EXERCISE DESCRIPTION:
For the material below, output exactly the span from the line with "内容形式统一且精准:账号所有" to the line with "Cross-border car air", including both, and nothing besides.

STORED DATA:

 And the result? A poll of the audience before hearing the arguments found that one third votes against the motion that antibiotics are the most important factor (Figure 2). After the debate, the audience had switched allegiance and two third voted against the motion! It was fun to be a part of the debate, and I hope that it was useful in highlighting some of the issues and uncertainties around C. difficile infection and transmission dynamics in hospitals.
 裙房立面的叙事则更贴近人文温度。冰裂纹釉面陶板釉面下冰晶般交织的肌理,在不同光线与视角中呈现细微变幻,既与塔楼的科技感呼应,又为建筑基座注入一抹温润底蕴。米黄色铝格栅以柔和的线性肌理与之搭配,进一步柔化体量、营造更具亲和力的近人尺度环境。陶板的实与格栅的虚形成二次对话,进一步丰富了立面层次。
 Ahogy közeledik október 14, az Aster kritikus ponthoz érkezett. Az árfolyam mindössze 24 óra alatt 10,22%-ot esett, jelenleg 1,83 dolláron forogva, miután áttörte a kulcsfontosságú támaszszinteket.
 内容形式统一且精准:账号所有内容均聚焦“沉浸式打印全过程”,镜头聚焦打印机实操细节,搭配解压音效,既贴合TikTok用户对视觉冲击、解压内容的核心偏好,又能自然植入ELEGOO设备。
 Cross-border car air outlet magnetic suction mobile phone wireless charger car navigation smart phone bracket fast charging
...
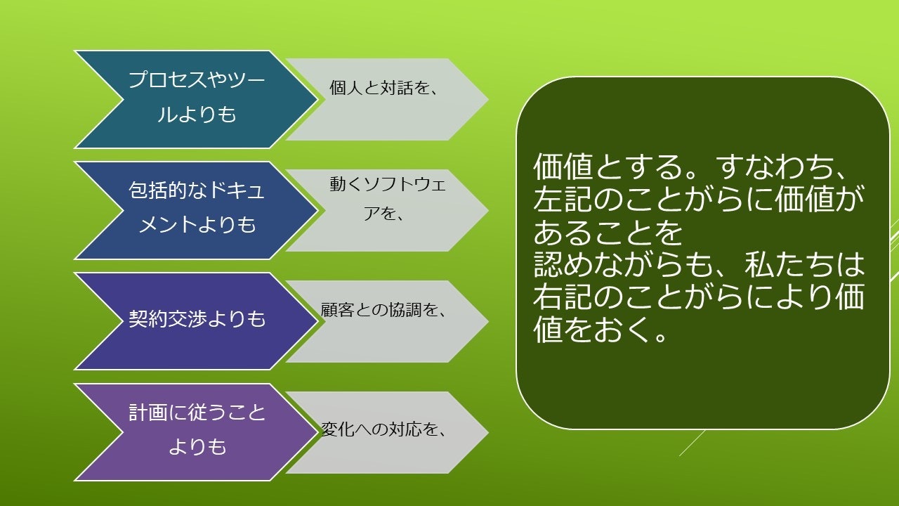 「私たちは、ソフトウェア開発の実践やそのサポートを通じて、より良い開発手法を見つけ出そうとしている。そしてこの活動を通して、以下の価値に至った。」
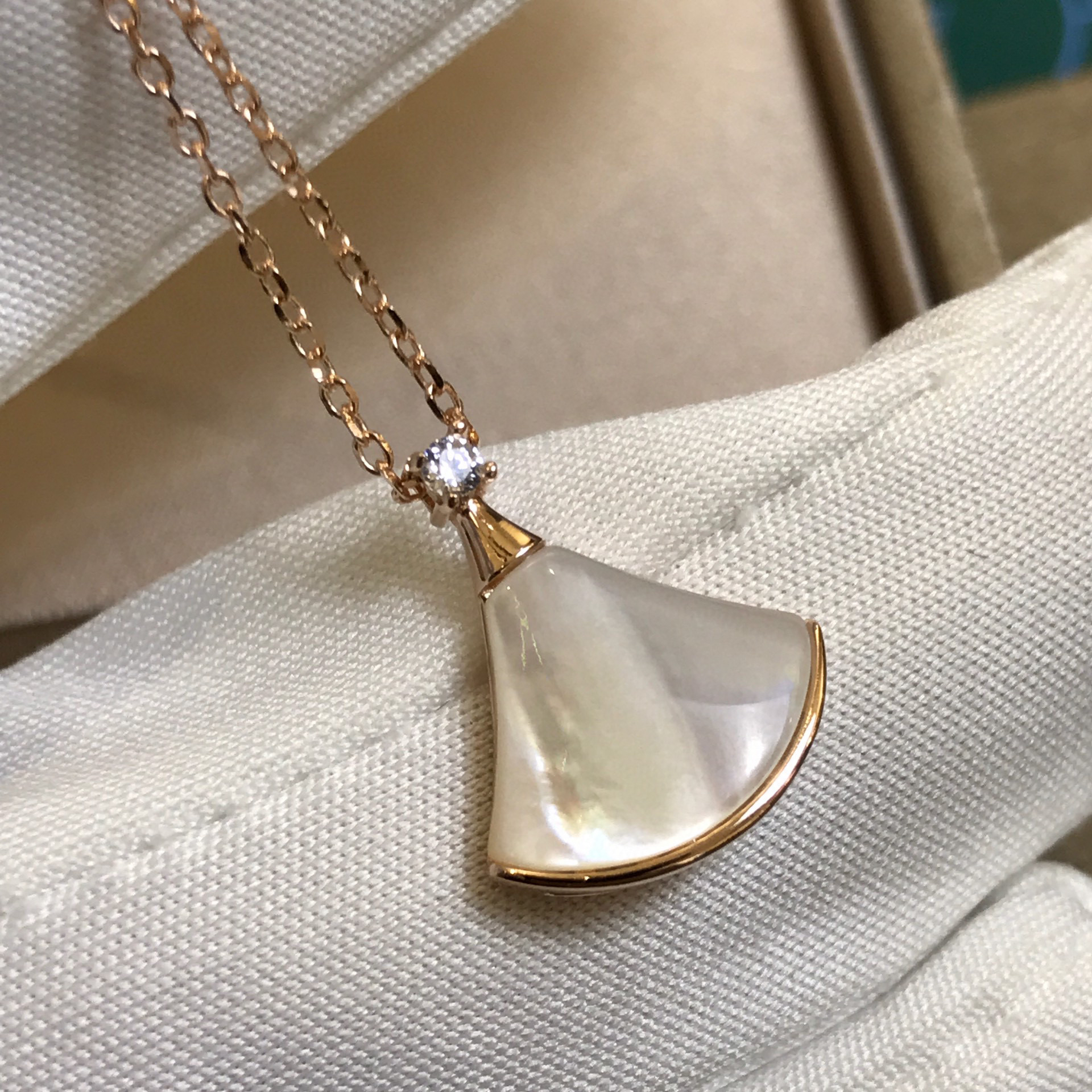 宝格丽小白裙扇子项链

RESULT OF THE EXERCISE:
 内容形式统一且精准:账号所有内容均聚焦“沉浸式打印全过程”,镜头聚焦打印机实操细节,搭配解压音效,既贴合TikTok用户对视觉冲击、解压内容的核心偏好,又能自然植入ELEGOO设备。
 Cross-border car air outlet magnetic suction mobile phone wireless charger car navigation smart phone bracket fast charging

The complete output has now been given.